Adventures du jour!
To sum up: rough patch but it got better.
Yesterday I got what felt like inextricably stuck on the book and decided to write a letter to a friend instead, about Bad Ex Stuff to someone it felt okay to tell it to and who’d said okay. (Thank you!)
It took a long time. I avoided thinking about the fact that I wasn’t writing fiction while I was writing the letter, felt pretty good when I got it done, and sent it so I wouldn’t have to deal with it today.
Then I got caught up on webtoons, watched a video, went to sleep.
Woke up about four hours later wrecked that I’d sent the email.
UFF DA.
Logically it’s fine. I trust the friend. But just the visceral experience of not being able to Take It Back was rough. Something bad will happen; it will come out of the blue; it will hurt people I care about because that’s what hurts the worst. That’s exactly how this used to work. Just because I don’t actually have people in my life who do this now doesn’t mean I’m not waiting for it to happen.
It was hard not to swerve away from the thoughts this morning: I hate this, I hate feeling like this, I hate remembering this feeling of waiting for something dreadful to happen, knowing it’s a WHEN and not a WHETHER. Cried it out, sticky, sludgy tears, then got up and went out for a walk.
I tore up my feet yesterday on the long walk (which I only noticed late last night), so I bandaged stuff up, grabbed a different pair of shoes, and PUT ON SOCKS. Even though I didn’t have to be at a place of business that required them. The horror!
The few days where it was chilly enough to want a sweater were here and gone; I came back to the apartment drenched in sweat, as usual.
While I was out walking, I figured out what Mr. Assassin had to do. WHEW. I got back, ditched the socks, took a shower, discovered that my feet were quite painfully sticking to the floor and have finally broken down and put on another pair of socks. These have flowers all over them, though, so they’re at least moderately acceptable.

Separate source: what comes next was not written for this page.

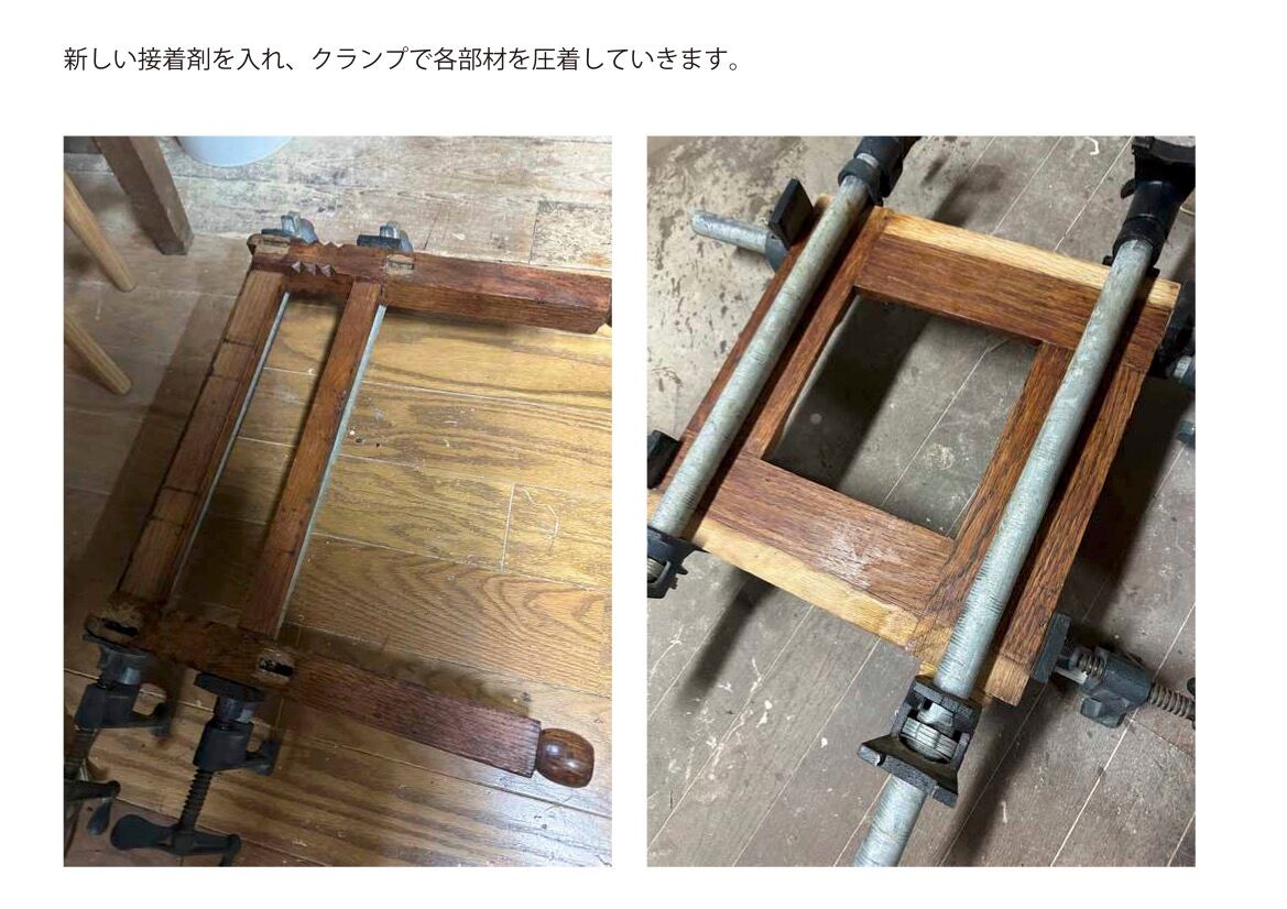 日本にて木工職人のもと、全脚を一度完全に分解し、再構築しています。

Then I went through the scene I was stuck on. It was mostly good. I didn’t get Mr. Assassin to do the thing he was supposed to do, but I got him most of the way there. I left him on a question and am switching POVs to another character so it will feel like Mr. Assassin has time to “think” about things off-camera.
While I was writing books for clients, they never really wanted me to write anything too complex (although the guy who originally wanted the sf/noir stories was okay with it). It’s really nice to be able to go, “Hey! If I switch POVs while character A is subconsciously processing something, then when he has insight after I get back to his POV, it’ll feel more like a genuine insight.”
Got done with the chapter, suddenly felt like taking a nap. Slept like a rock. Woke up: face hurts, feet hurt, everything hurts. I know it’s a good thing–I’ve regained the ability to feel low-level pain, which means I’m not feeling like I’m in an emergency situation–but mehhhhhh. I should do yoga but today I would rather whine. Drinking lots of fluids, wearing the damn socks, taking headache meds, eating the foods. (Ray’s making Korean fried rice because I begged her and because we have leftovers.)
I’ll start the next scene here in a minute, back to the Goob. I’m leaving Goth Girl in my back pocket for now.